### Try it
Omit all images, then repeat exactly the lines below from the one containing "CS4204 (mustard) –" through the one containing "1.【問題】繼發(fā)性腎病綜合征各自特點是什么?", both ends included.

### Data provided
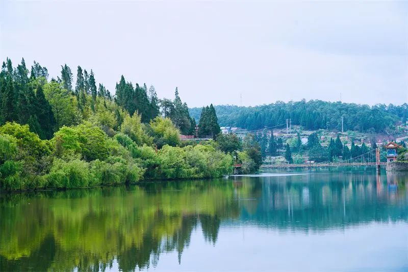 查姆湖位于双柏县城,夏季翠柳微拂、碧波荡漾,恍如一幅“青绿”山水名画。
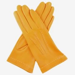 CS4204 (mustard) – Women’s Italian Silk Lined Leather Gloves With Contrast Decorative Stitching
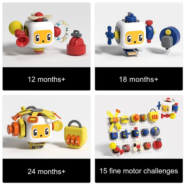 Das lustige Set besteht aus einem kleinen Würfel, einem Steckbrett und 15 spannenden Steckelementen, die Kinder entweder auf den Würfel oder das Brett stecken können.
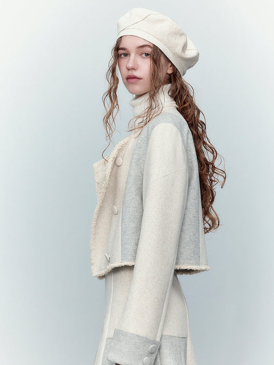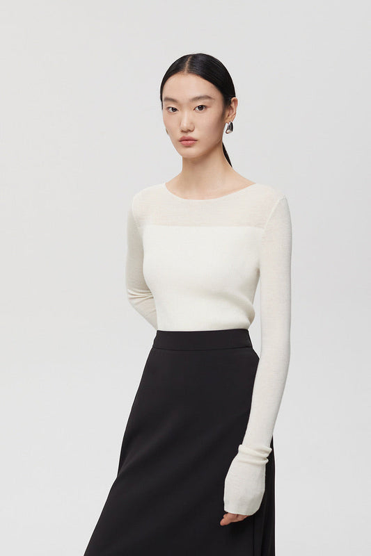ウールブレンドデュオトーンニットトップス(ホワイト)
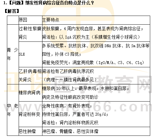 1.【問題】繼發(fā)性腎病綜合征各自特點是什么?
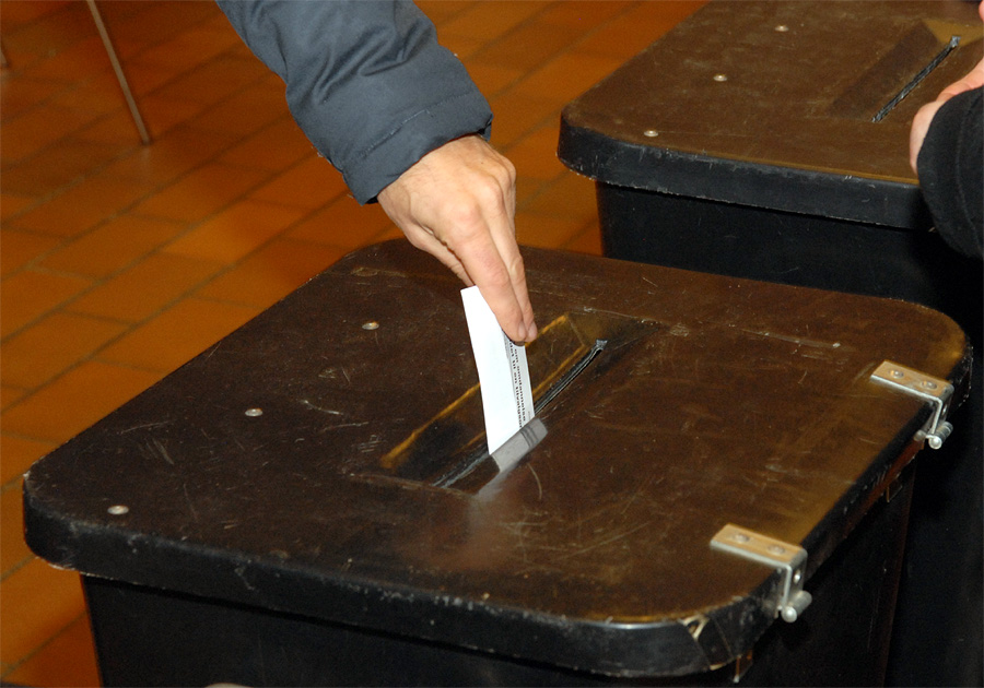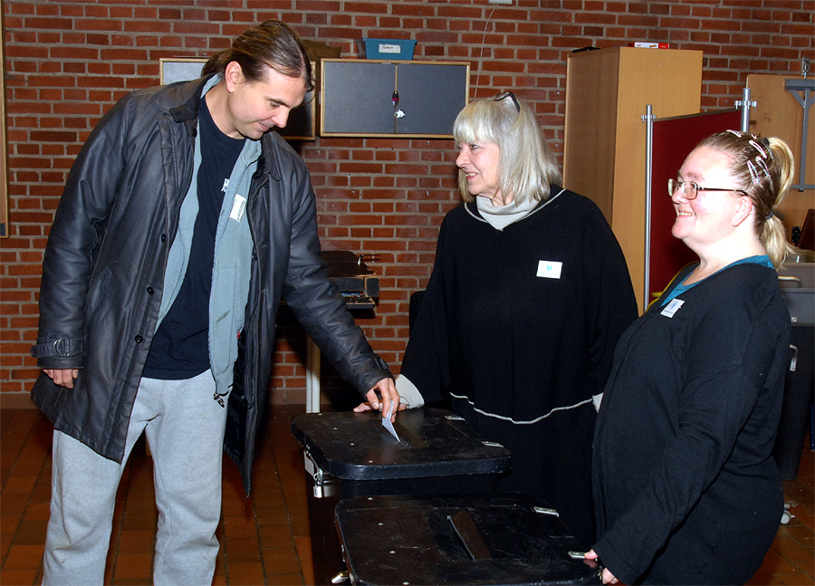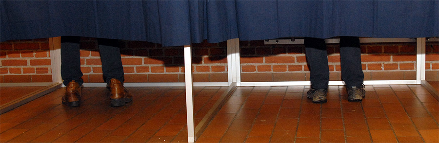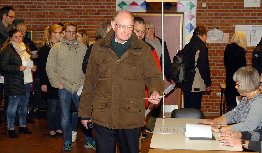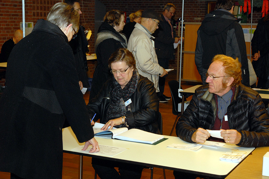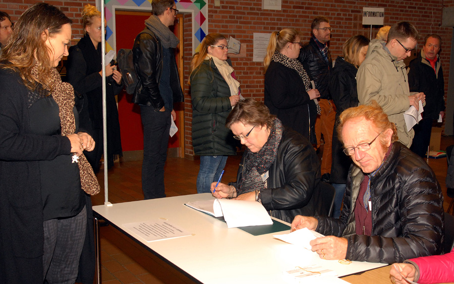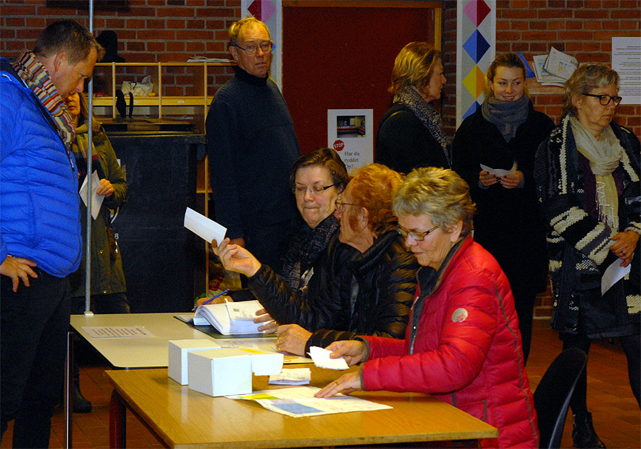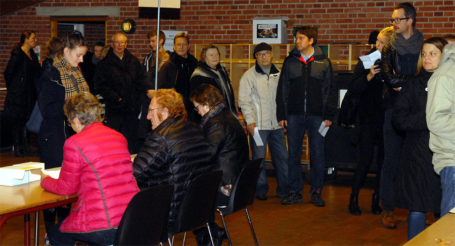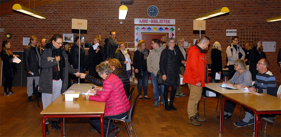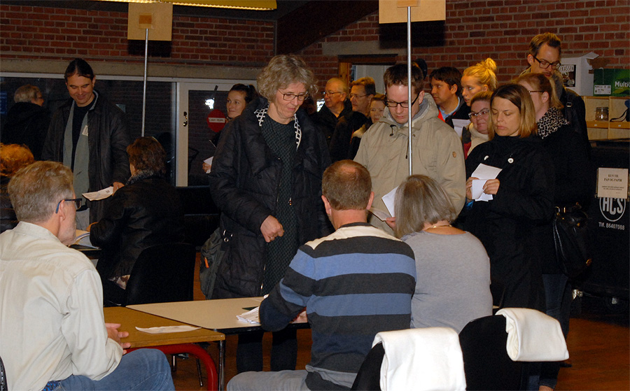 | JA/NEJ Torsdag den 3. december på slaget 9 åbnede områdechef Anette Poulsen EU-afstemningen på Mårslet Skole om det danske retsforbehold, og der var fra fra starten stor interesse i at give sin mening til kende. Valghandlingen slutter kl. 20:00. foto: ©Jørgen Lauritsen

--

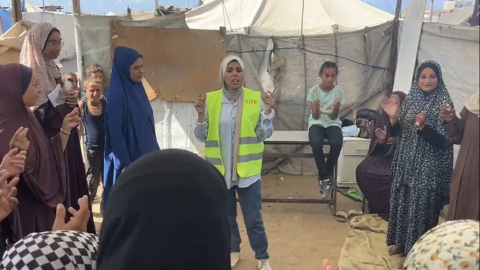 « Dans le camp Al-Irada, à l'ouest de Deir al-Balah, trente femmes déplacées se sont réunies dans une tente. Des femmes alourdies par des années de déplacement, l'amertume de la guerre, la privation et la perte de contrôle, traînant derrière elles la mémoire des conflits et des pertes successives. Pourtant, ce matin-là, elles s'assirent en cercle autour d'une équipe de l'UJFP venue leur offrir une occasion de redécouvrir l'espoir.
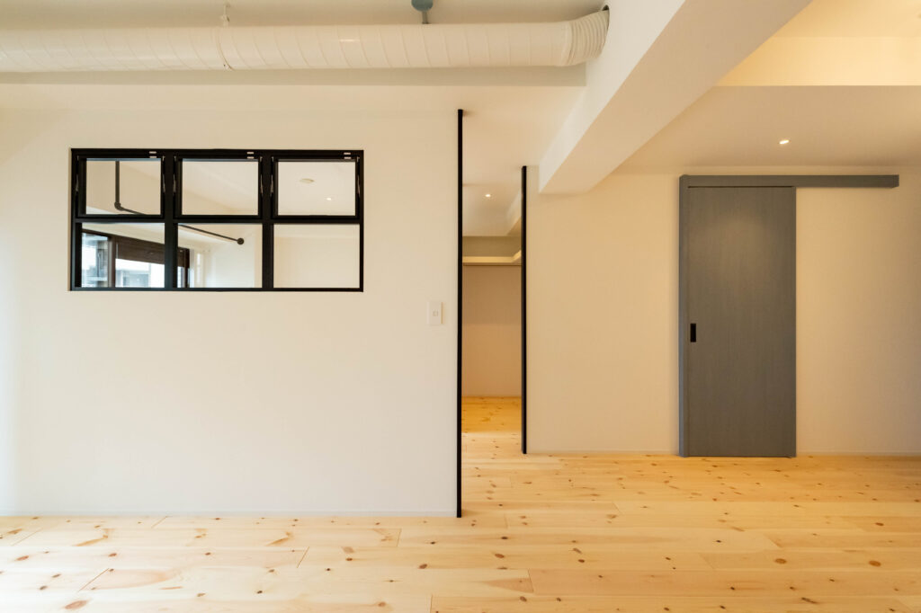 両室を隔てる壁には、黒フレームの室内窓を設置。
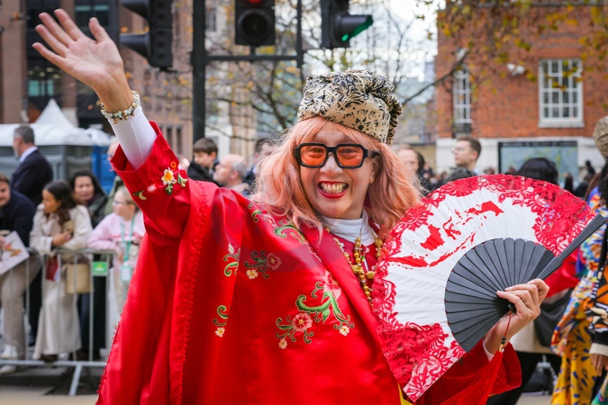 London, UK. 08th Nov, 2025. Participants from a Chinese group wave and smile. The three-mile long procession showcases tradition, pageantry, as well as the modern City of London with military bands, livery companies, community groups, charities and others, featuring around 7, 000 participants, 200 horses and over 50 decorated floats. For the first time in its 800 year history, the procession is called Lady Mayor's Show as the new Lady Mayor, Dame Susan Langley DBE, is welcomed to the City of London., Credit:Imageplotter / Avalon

### Worked solution
 CS4204 (mustard) – Women’s Italian Silk Lined Leather Gloves With Contrast Decorative Stitching
 Das lustige Set besteht aus einem kleinen Würfel, einem Steckbrett und 15 spannenden Steckelementen, die Kinder entweder auf den Würfel oder das Brett stecken können.
ウールブレンドデュオトーンニットトップス(ホワイト)
 1.【問題】繼發(fā)性腎病綜合征各自特點是什么?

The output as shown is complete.